Hüpft trotzdem am nächsten Morgen um halb fünf aus dem Bett. Ist die erste vor Ort und die letzte auch. Springt sofort ein, wenn eines ihrer Mädels daheim bleiben muss, weil der Kindergartenkrümel kränkelt. Tröstet, wenn deren Kerle freidrehen. Mal wieder das eh schon knappe Geld in Sixpacks investieren. Oder ganz die Kurve kratzen.

Andrea hat nicht nur einmal ihren Sommertraum-Urlaub verschoben. Oft für andere einen Dienst dazu übernommen, damit die mal einen Wandertag mit ihren Kids machen können und so etwas.

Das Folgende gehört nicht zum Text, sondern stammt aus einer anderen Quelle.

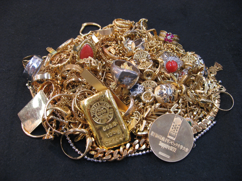 使わなくなったアクセサリーで、金かプラチナか何かわからないものでもまとめてお持ちください。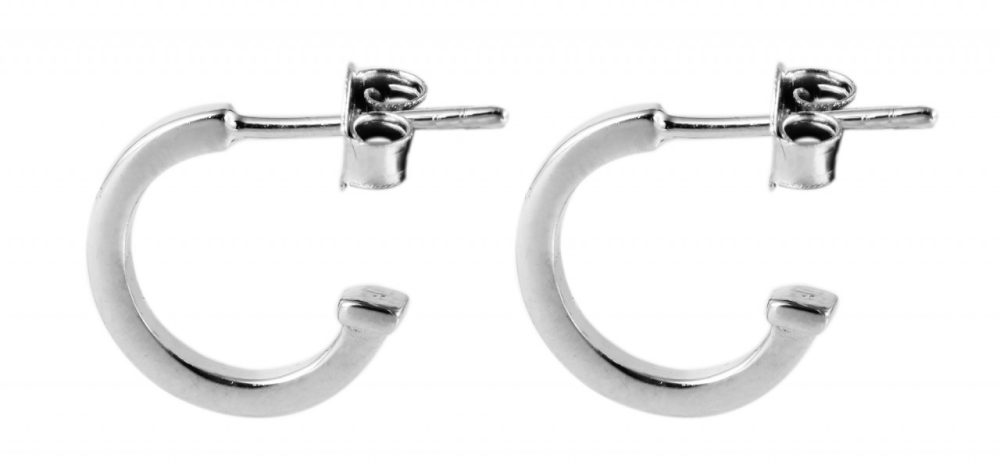 Os brincos, em forma de meia argola, são feitos em prata de lei 925 e adicionalmente banhados a ródio. Esse revestimento de alta qualidade refina o material, protege-o de manchas e também garante que a joia tenha brilho duradouro. São simples e atemporais e irradiam visualmente um grande brilho. Os brincos são fechados com um prático parafuso borboleta, o que garante que sejam confortáveis e fáceis de colocar e tirar e garantem uma fixação segura. O tamanho dos brincos é de 11,5 mm de comprimento, 2 mm de largura e 2 mm de espessura.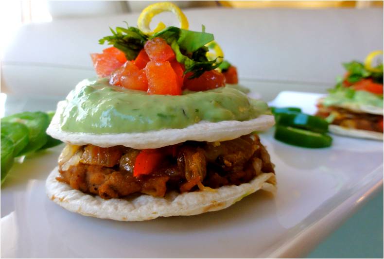 Mexican Pizza Towers with a Avocado-Jalapeno Crema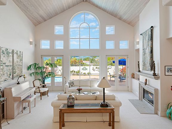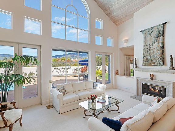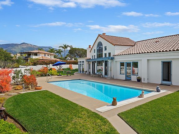 A rare offering in Rancho San Antonio, a premiere neighborhood in the Mountain View School District set amongst the Santa Barbara foothills! This spectacular 4 bedroom, 3.5 bath Mediterranean home sits on an approximately 3/4 acre lot with stunning ocean, island, and mountain views. Upon entering, you are greeted with a dramatic arched entryway that seamlessly transitions to the light/bright living room with dual-sided fireplace, lofty vaulted ceilings and two sets of French doors leading to the outdoor entertaining space. The formal dining room features a wet bar/sink with built-in banquet and ample storage. The kitchen is equipped with a large center island with gas range, Sub-Zero built-in refrigerator, and a breakfast area with ocean/island views. The generously sized primary suite has beautiful southwest facing ocean and island views, two walk-in closets, and French doors leading to the garden. The primary bath offers a dual sink vanity, jetted ocean view soaking tub and separate shower. Two of the additional hall bedrooms also have exterior access to the private backyard, while the fourth bedroom enjoys access out to the front area garden and works well as a home office. In addition, there is a generously sized laundry room, powder room, large storage/utility room and 3-car garage. Outside, a spiral staircase leads to a rooftop 360-degree view deck, offering stunning panoramic views from UCSB to Carpinteria on a clear day. Set upon a flat useable lot with a sparkling pool, lush lawn, roses, fruit trees, all framed with mountain views- this home is perfect for indoor outdoor living. Don't miss out on the rare opportunity to make this special offering your dream home!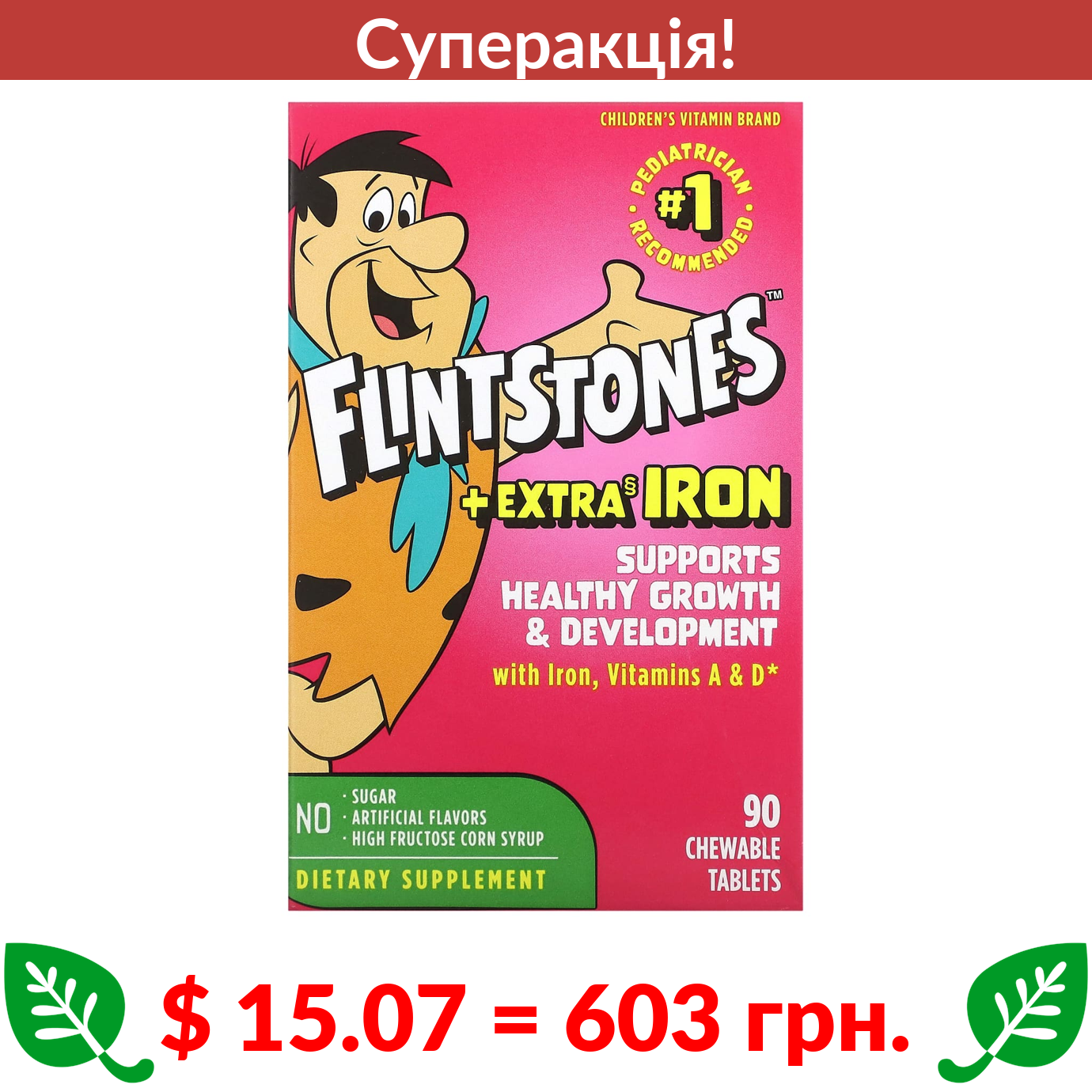 $ 15.07 = 603 грн. ???? cуперакція! ???? Flintstones, мультивітаміни для дітей із залізом, 90 жувальних таблеток

Sie ist selbst dann noch ein Wunder an Geduld und Demut, wenn Schnäppchenjägerinnen zu Furien werden, weil die Angebote schon nach wenigen Stunden aus sind. Dann bekommt ihre Stimme so was narkotisch Mütterliches, bietet sie an, zurückzurufen, alsbald Nachschub kommt. Und den gäbe es ganz bestimmt, weil sie gleich noch einmal bestellen werde. Selbst die stadtbekannt heftigsten Xanthippen fahren die Kampffeder wieder ein und trollen sich.

Sie ist organisiert. Sie organisiert alles. Vergisst keinen Geburtstag und kein gutes Wort außer der Reihe und auf den Weg. Für jeden, der den ihren kreuzt.

Und sollte jetzt doch gehen.

Weil, da kam so ein Mädel. Mehr als 20 Jahre jünger als sie. Ehrgeizig. Stellte sich gut an, war „blickig“, wie Andrea sagen würde. Aber auch falsch. Was sie nicht sah – oder nicht sehen wollte.

Eine Denunziation, ein Meineid später kam der Bezirksleiter, die Abmahnung, die Aufforderung, selbst zu gehen, um nicht gekündigt zu werden.

Es war, so erzählte sie, als ob einer ihr das Herz zusammepressen würde, dass es nicht mehr hat schlagen können. Das fehlende Blut raubte ihr das Lächeln, den sicheren Stand. Zur Besinnung kam sie wieder. Nach einer langen Weile.

Ganz bei Sinnen scheint sie immer noch nicht, obwohl das nun schon fast vier Wochen her ist. Die falsche Freundin ist weg, Andreas‘ Status unangetastet. Wohl auch deshalb will sie niemandes Hilfe haben: Nur nicht auffallen, nur nicht schon wieder Aufmerksamkeit erregen. “Das wird schon wieder“, sagt sie.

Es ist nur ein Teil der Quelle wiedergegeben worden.